# Data Download from GDrive

In [None]:
# Step 1: Install pydrive

# !pip install pydrive

In [None]:
# url = 'https://drive.google.com/drive/u/1/folders/1SPuEOjOZIOm8mJkOqZKB7r0Bw1qgOMh5'

In [None]:
# # Step 2: Use gdown to download the folder
# import gdown


# # Convert the folder URL to a format that gdown can use
# folder_id = url.split('/')[-1]
# gdown.download_folder(f'https://drive.google.com/drive/folders/{folder_id}', quiet=False)

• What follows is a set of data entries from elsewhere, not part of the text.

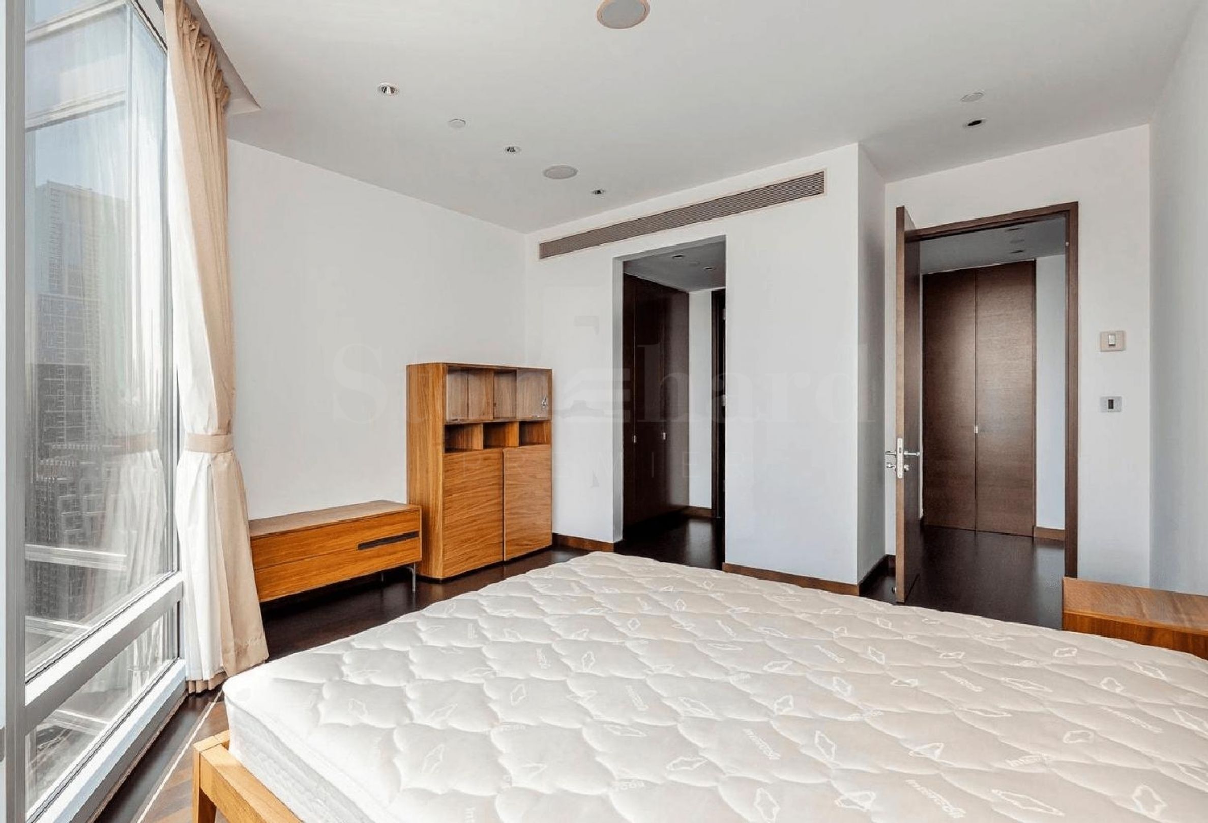 The apartment is lightly furnished with modern, tasteful pieces that offer both comfort and style. The open-plan living and dining area, adorned with floor-to-ceiling windows, fills the space with natural light and showcases breathtaking cityscapes.
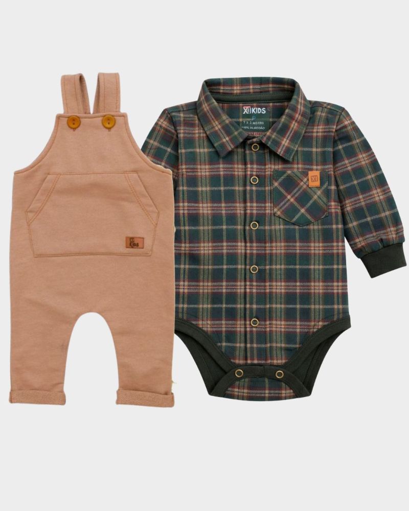 Kit Jardineira Bege Bebê com Body Xadrez Verde
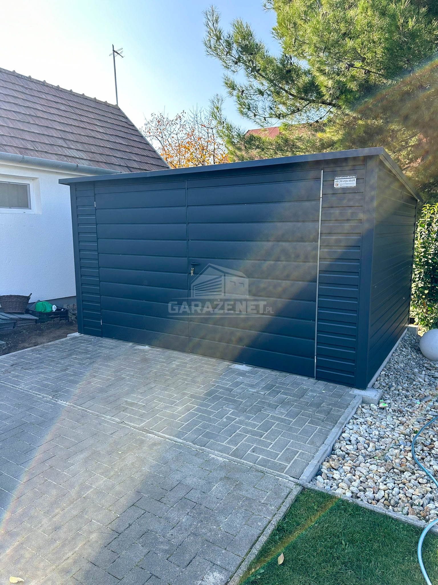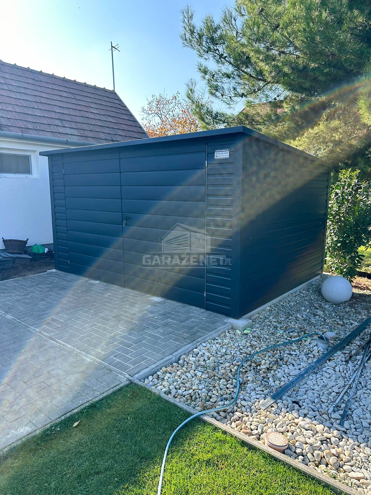 SCHOWEK - DOMEK OGRODOWY 4X3M - BRAMA DWUSKRZYDŁOWA - ANTRACYT - DACH SPAD W TYŁ TS868
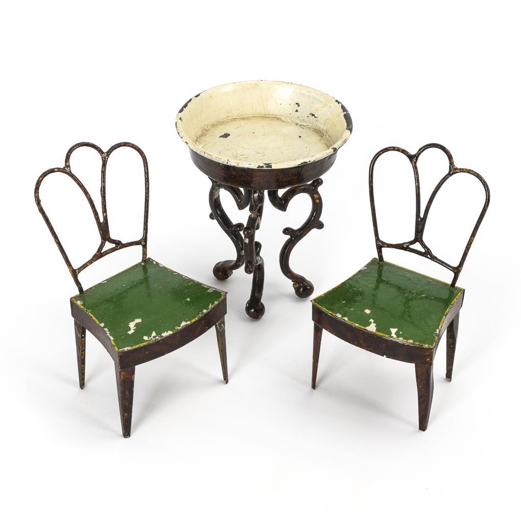 Laube mit 2 Stühlen und rundem Blumentisch mit 3 geschweiften Beinen. Altersspuren, nachlackiert, Lötstellen.

# Harmonization Parameters Finder

In [None]:
import pandas as pd
import numpy as np
import matplotlib.pyplot as plt
import glob
from datetime import datetime

## Read Data

In [None]:
def read_sensor_data(csv_list):
    # csv_list = glob.glob('Lauren purpleair data\\*\\*.csv')

    csv_list
    sensor_dataframes = []

    for idx,csv_path in enumerate(csv_list):
            
        sensor_df = pd.read_csv(csv_path)
        
        if len(sensor_df.columns) < 4:
            sensor_df = pd.read_csv(csv_path,delimiter=';')
        sensor_dataframes.append(sensor_df)
    return sensor_dataframes

csv_list = glob.glob('Lauren purpleair data\\*\\*.csv')
sensor_dataframes = read_sensor_data(csv_list) #[:10]

## Clean Data

In [None]:
def create_units_dict(df):
    units_dict = {}
    for column in df.columns:
        units_dict[column] = df.loc[0, column]
    return units_dict

units_dict = create_units_dict(sensor_dataframes[0])

In [None]:
def clean_sensor_dataframes(sensor_dataframes):

    numeric_columns = ['pm2.5_atm_b', 'pm2.5_cf_1', 'pm2.5_cf_1_a', 'pm2.5_cf_1_b',	'pm10.0_atm', 'pm10.0_atm_a', 'pm10.0_atm_b', 'pm10.0_cf_1', 'pm10.0_cf_1_a', 'pm10.0_cf_1_b']
    
    
    cleaned_dataframes = []
    for idx,sensor_df in enumerate(sensor_dataframes):
        # remove header
        sensor_df = sensor_df.iloc[1:]
        # Sort by 'Timestamp'
        try:
            sensor_df = sensor_df.sort_values(by=['time_stamp']).reset_index()
        except:
            print(idx)
            display(sensor_df)
            break
        # Change 'Timestamp' to date format
        sensor_df['time_stamp'] = pd.to_datetime(sensor_df['time_stamp'])



        # Filter rows based on timestamp
        # sensor_df = sensor_df[sensor_df['time_stamp'] <= '2024-02-10']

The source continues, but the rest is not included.